Hilfe für Pflegekind-Eltern

■ Elternverein „Wir“ bereitet auf die neue Situation vor / Knapp 100 Vermittlungen im Jahr

„Sucht ihr ein Kind?“, rief ihm der kleine Junge im Rollstuhl entgegen und bot sich an, als Andreas Berenthal das Kinderheim Hermann Hildebrand besuchte. „So etwas zerreißt einem fast das Herz“, sagt Berenthal, Vorsitzender des Vereins „WIR Pflege- und Adoptivfamilien Bremen e.V.“. In Bremen gibt es 1.200 untergebrachte Kinder, davon lebt die Hälfte im Heim, 450 sind als Pflegekinder untergebracht und weitere 250 Kinder sind dem Amt bekannt, die bei Verwandten oder den Großeltern leben.

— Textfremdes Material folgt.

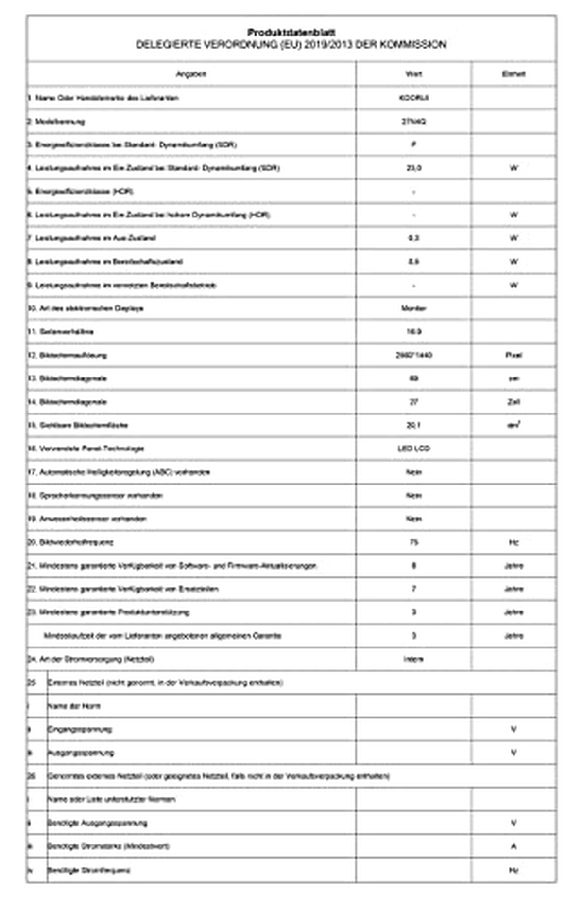 Představujeme monitor KOORUI 27N4Q s elegantním a moderním designem s úhlopříčkou 69 cm. S poměrem stran 16:9 je tento LED_LCD monitor ideální pro streamování vašich oblíbených pořadů nebo hraní her. Třída energetické účinnosti je ohodnocena F, což zajišťuje, že si můžete užívat hodiny zábavy bez obav z vysokých účtů za elektřinu. Rozlišení obrazovky se může pochlubit ostrými 1440 vertikálními pixely a 2560 horizontálními pixely, které poskytují ohromující vizuální efekty, které jistě zapůsobí. Díky frekvenci 75 Hz můžete očekávat plynulý a bezproblémový pohyb při hraní her nebo sledování rychlých filmů. Tento model obsahuje režimy pro úsporu energie, jako je režim vypnutí s pouze 0,3 wattu a pohotovostní režim s pouze 0,5 wattu, takže můžete šetřit energii, když se nepoužívá, aniž byste museli obětovat kvalitu výkonu. Nakupujte s jistotou s vědomím, že je zaručena podpora po dobu tří let od zapnutí - datum zahájení trhu 30. října 2021 u produktů s ochrannou známkou KOORUI!

Pro Jahr werden zwischen 80 bis 100 Kinder in Pflegeverhältnisse vermittelt. Damit Pflegeeltern auf ihre Aufgabe besser vorbereitet sind, können sie einen Kurs in der Pflegeelternschule absolvieren. Dort will die Selbsthilfeorganisation „WIR“ Menschen „ermutigen und befähigen“, Pflegekinder aufzunehmen. Am Anfang hat sich die Behörde mit der Zusammenarbeit „etwas schwer getan“, räumt Peter Herchenröder vom Senator für Jugend und Soziales ein. Inzwischen begrüßen sie aber die Unterstützung, da sie eine so umfassende Beratung mit ihren zwölf MitarbeiterInnen ohnehin nie leisten konnten. An einer Kooperationsvereinbarung wird noch gestrickt.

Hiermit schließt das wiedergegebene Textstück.